**GIVEN RECORDS**
══════════════════════════════
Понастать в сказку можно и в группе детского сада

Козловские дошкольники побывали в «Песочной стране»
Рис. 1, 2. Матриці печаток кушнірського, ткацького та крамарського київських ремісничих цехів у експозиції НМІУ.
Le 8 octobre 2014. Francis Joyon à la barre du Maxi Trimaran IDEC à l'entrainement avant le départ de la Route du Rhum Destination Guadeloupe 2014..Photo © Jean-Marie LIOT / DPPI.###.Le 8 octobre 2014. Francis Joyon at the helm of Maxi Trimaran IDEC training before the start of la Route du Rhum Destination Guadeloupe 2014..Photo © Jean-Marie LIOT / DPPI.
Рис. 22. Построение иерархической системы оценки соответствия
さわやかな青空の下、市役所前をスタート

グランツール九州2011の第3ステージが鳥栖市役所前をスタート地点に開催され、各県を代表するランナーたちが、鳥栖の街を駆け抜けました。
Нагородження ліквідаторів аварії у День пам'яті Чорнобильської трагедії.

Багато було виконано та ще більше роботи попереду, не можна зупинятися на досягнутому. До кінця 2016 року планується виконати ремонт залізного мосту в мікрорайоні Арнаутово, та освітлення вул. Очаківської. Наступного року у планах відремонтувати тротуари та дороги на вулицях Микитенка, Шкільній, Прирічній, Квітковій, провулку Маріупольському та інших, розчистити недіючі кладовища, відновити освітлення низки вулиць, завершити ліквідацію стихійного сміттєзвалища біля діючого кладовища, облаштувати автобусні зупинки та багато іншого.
══════════════════════════════
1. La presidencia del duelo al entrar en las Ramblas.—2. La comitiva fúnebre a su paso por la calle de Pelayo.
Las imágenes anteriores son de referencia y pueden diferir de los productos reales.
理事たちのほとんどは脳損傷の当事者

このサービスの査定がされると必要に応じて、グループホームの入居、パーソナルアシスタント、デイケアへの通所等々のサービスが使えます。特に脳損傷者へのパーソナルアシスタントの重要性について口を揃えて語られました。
══════════════════════════════
**WORK TASK**
Going back to the entries above, set down exactly the lines that begin at the one with "Понастать в сказку" and end at the one with "Багато було виконано", both included, and nothing else.

**EXPECTED OUTPUT**
Понастать в сказку можно и в группе детского сада

Козловские дошкольники побывали в «Песочной стране»
Рис. 1, 2. Матриці печаток кушнірського, ткацького та крамарського київських ремісничих цехів у експозиції НМІУ.
Le 8 octobre 2014. Francis Joyon à la barre du Maxi Trimaran IDEC à l'entrainement avant le départ de la Route du Rhum Destination Guadeloupe 2014..Photo © Jean-Marie LIOT / DPPI.###.Le 8 octobre 2014. Francis Joyon at the helm of Maxi Trimaran IDEC training before the start of la Route du Rhum Destination Guadeloupe 2014..Photo © Jean-Marie LIOT / DPPI.
Рис. 22. Построение иерархической системы оценки соответствия
さわやかな青空の下、市役所前をスタート

グランツール九州2011の第3ステージが鳥栖市役所前をスタート地点に開催され、各県を代表するランナーたちが、鳥栖の街を駆け抜けました。
Нагородження ліквідаторів аварії у День пам'яті Чорнобильської трагедії.

Багато було виконано та ще більше роботи попереду, не можна зупинятися на досягнутому. До кінця 2016 року планується виконати ремонт залізного мосту в мікрорайоні Арнаутово, та освітлення вул. Очаківської. Наступного року у планах відремонтувати тротуари та дороги на вулицях Микитенка, Шкільній, Прирічній, Квітковій, провулку Маріупольському та інших, розчистити недіючі кладовища, відновити освітлення низки вулиць, завершити ліквідацію стихійного сміттєзвалища біля діючого кладовища, облаштувати автобусні зупинки та багато іншого.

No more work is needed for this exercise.